Source code for ICML 2023 paper Competing for Shareable Arms in Multi-Player Multi-Armed Bandits.
In this paper, we model the competition between agents in a novel multi-player multi-armed bandit (MPMAB) setting where players are selfish and aim to maximize their own rewards. Under this setting, we first analyze the Nash equilibrium when arms' rewards are known. Subsequently, we propose a novel SelfishMPMAB with Averaging Allocation (SMAA) approach based on the equilibrium.
pip install -r requirements.txt
python main.py --method METHOD -N N -K K -T T --dis DIS
Run the online setting with N players, K arms, and T rounds. The method can be one of the following: SMAA, ExploreThenCommit, SelfishRobustMMAB, TotalReward, SMAARelaxed.
Grid search with NNI
Search the hyper-parameters for all settings reported in the paper for all methods.

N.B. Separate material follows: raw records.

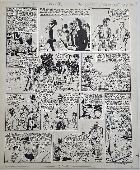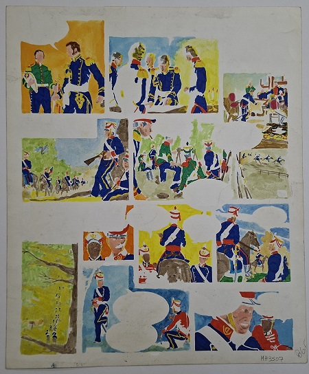 Obra visual de formato rectangular y disposición vertical. Dibujo monocromo. Está compuesto por once viñetas protagonizadas por varias figuras masculinas vestidos con trajes militares. En el reverso, las mismas escenas, pero coloreadas.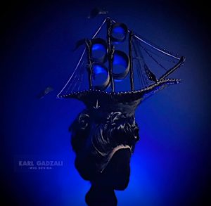 „Das Schiff habe ich für die Fachzeitschrift Top Hair gemacht als Dank für einen mehrseitigen Bericht über mich. Ich wollte da eine klassische Frisur aus dem Rokoko mit meinem Wigdesign zusammenbringen und habe dann den Dreimaster aus Haaren gemacht. Die Frisur trägt den Namen „a la Fregatte“ und da im Rokoko die Haare und Perücken meist weiß gepudert wurden, lag für mich das Schwarz dann ziemlich nah. Mittlerweile ist das Haar, welches die Wellen darstellen soll, auch noch beglitzert“. Soweit der kleine Blick in die Entstehungsgeschichte eines Exponates bzw. in seine Gedankenwelt.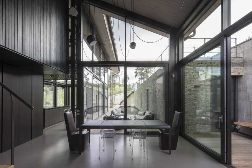 The aim of the architects and owners is; was to try to keep the original stone core by showing it as a sculpture inside the house and making the extension through new transparent volumes so that the landscape became part of the architecture.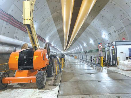 走進項目工地,沒有想象中的機械轟鳴聲,施工現(xiàn)場位于幾十米深的地下。記者從地面乘坐直梯,順著盾構(gòu)機始發(fā)井,來到地下26米處的西線隧道內(nèi)。國產(chǎn)最大直徑泥水平衡盾構(gòu)機“京華號”,已在西線隧道里向前掘進了近4000米。眼前的西線隧道,蜿蜒著向南延伸。開工初期,記者從始發(fā)井步行幾分鐘即可抵達盾構(gòu)機駕駛艙位置;這次采訪,施工方特意安排了1輛純電動代步車?!艾F(xiàn)在盾構(gòu)機離始發(fā)井有些遠,工作人員上下班都得坐車?!瘪{駛員說,這輛電動代步車是用吊車吊到隧道內(nèi)的,還特意為它在隧道里安了充電樁,“這輛車再回到地面,就得是隧道貫通的時候啦!”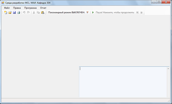 После нажатия кнопки OK загрузится графическая среда разработки. В зависимости от выбранной лабораторной работы слева будет отображен графический элемент управления, представляющий структуру изучаемого устройства, и поле для вывода текстовой информации (рис. 2). Если был выбран пункт «Без графического интерфейса», всю левую сторону займет поле для вывода текстовой информации (рис. 3).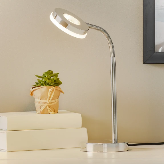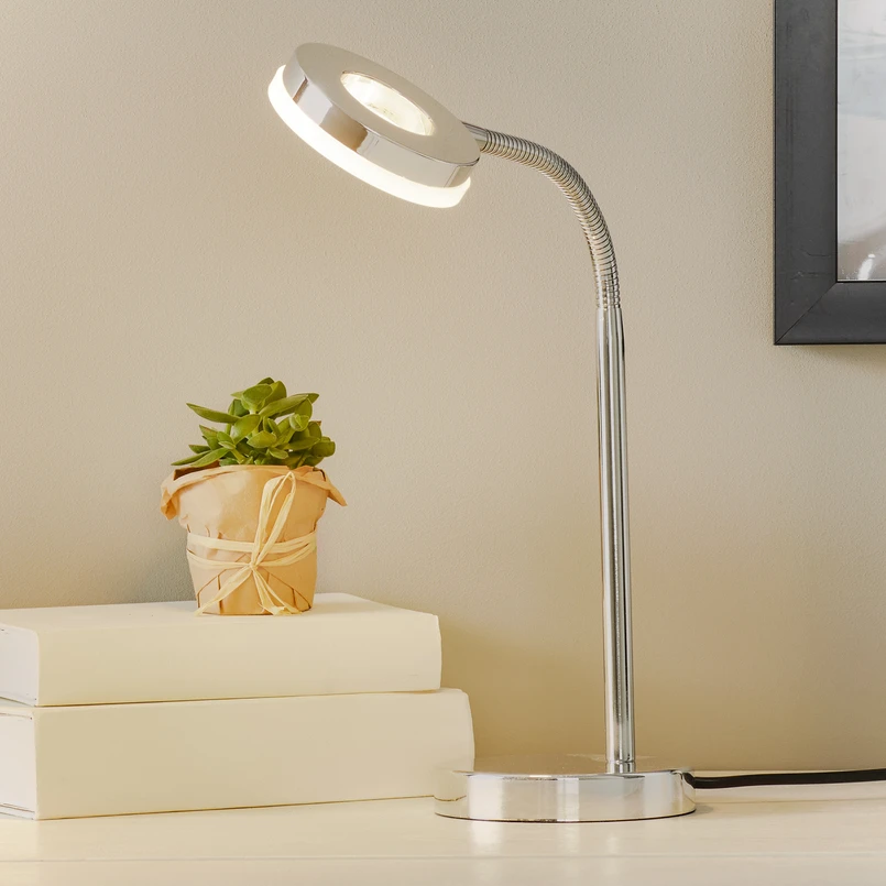 Rennes - настолна LED лампа с модерно докосване LED лампата Rennes се вписва добре в почти всяко бюро. Изработена от лъскава хромирана рамка, лампата Rennes може да придаде модерен вид на всяко бюро. Кръглата форма на абажура се повтаря в основата и когато се комбинират, двете образуват хармонично цяло. Топлата бяла светлина на вградения 4 W светодиод може да се насочва според нуждите, тъй като горната част на рамката може да се регулира гъвкаво.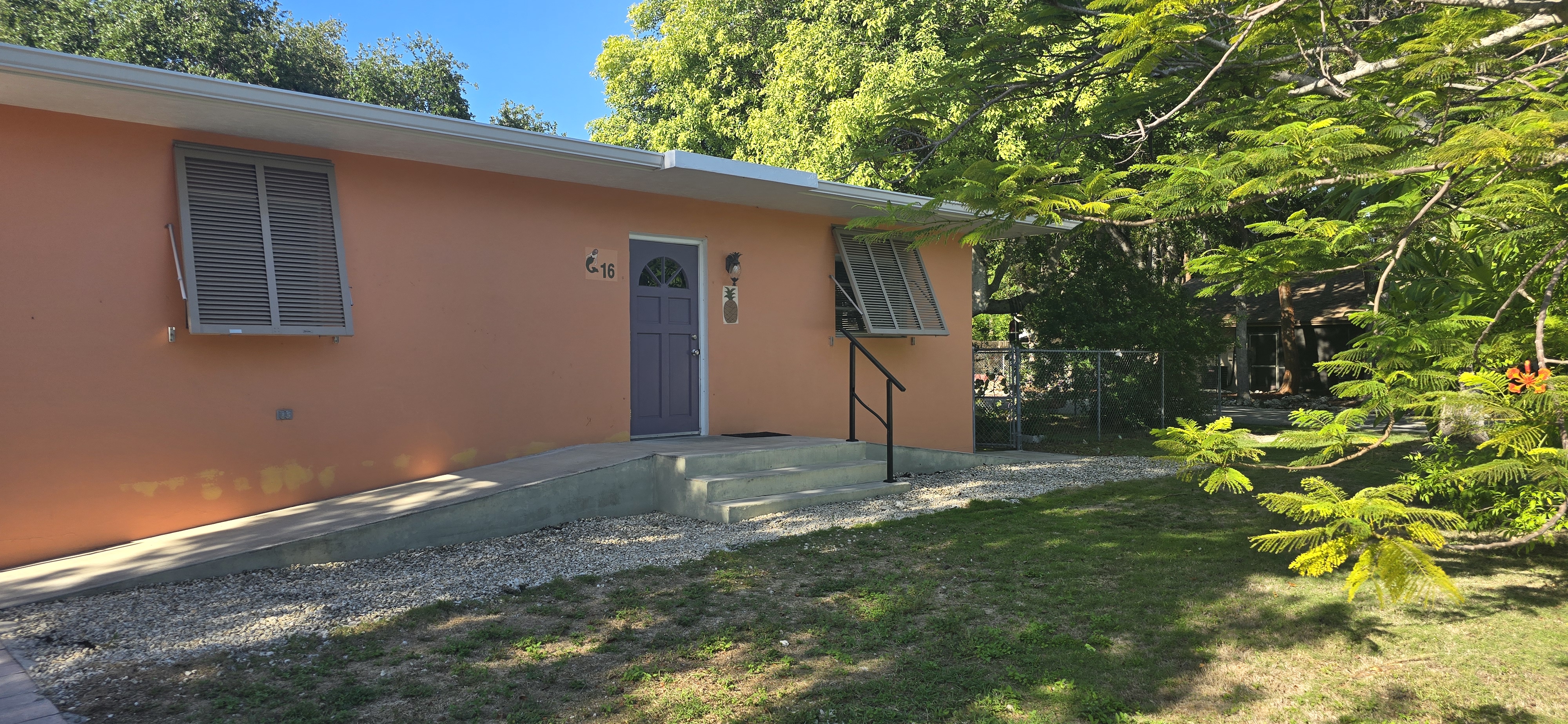 Enjoy the the easy commute to the mainland, and the peace of livin' in the Keys! This charming 2-bedroom, 1-bath home sits on a huge 19,620 sq. ft. fenced lot, so your fur babies are welcome! With 900 sq. ft. of comfortable living space, a detached concrete garage, screened in patio, and a backyard oasis complete with a shady tiki hut, this property invites you to relax, entertain, and soak in the Keys lifestyle. Designed for convenience, the home features handicap accessibility with front and back entry ramps and an accessible kitchen and bath. Annual lease.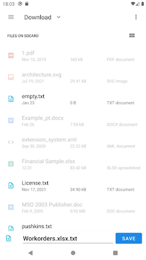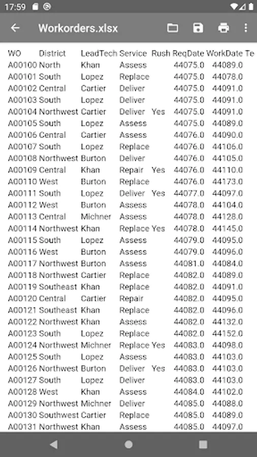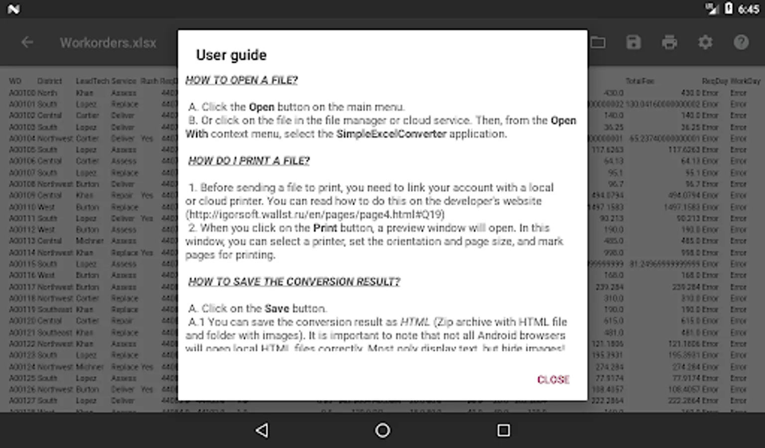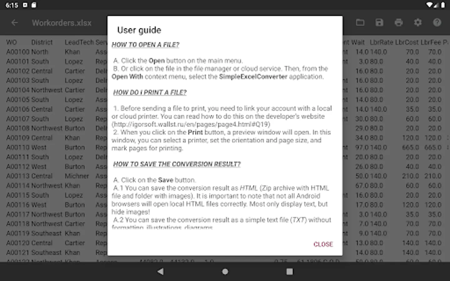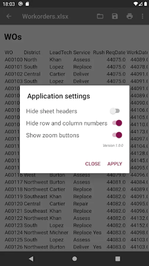 Open an MS Excel document from the main menu of the application or through the context menu of the file manager.

nnictl create --config nni_ymls/METHOD.yml --port 9000
Yamls for all methods are included in the nni_ymls/
directory.
python plot.py
Plot the result for all methods. The result will be saved in figs/
.
@inproceedings{xu2023competing,
title={Competing for Shareable Arms in Multi-Player Multi-Armed Bandits},
author={Renzhe Xu and Haotian Wang and Xingxuan Zhang and Bo Li and Peng Cui},
booktitle={International Conference on Machine Learning},
year={2023},
organization={PMLR}
}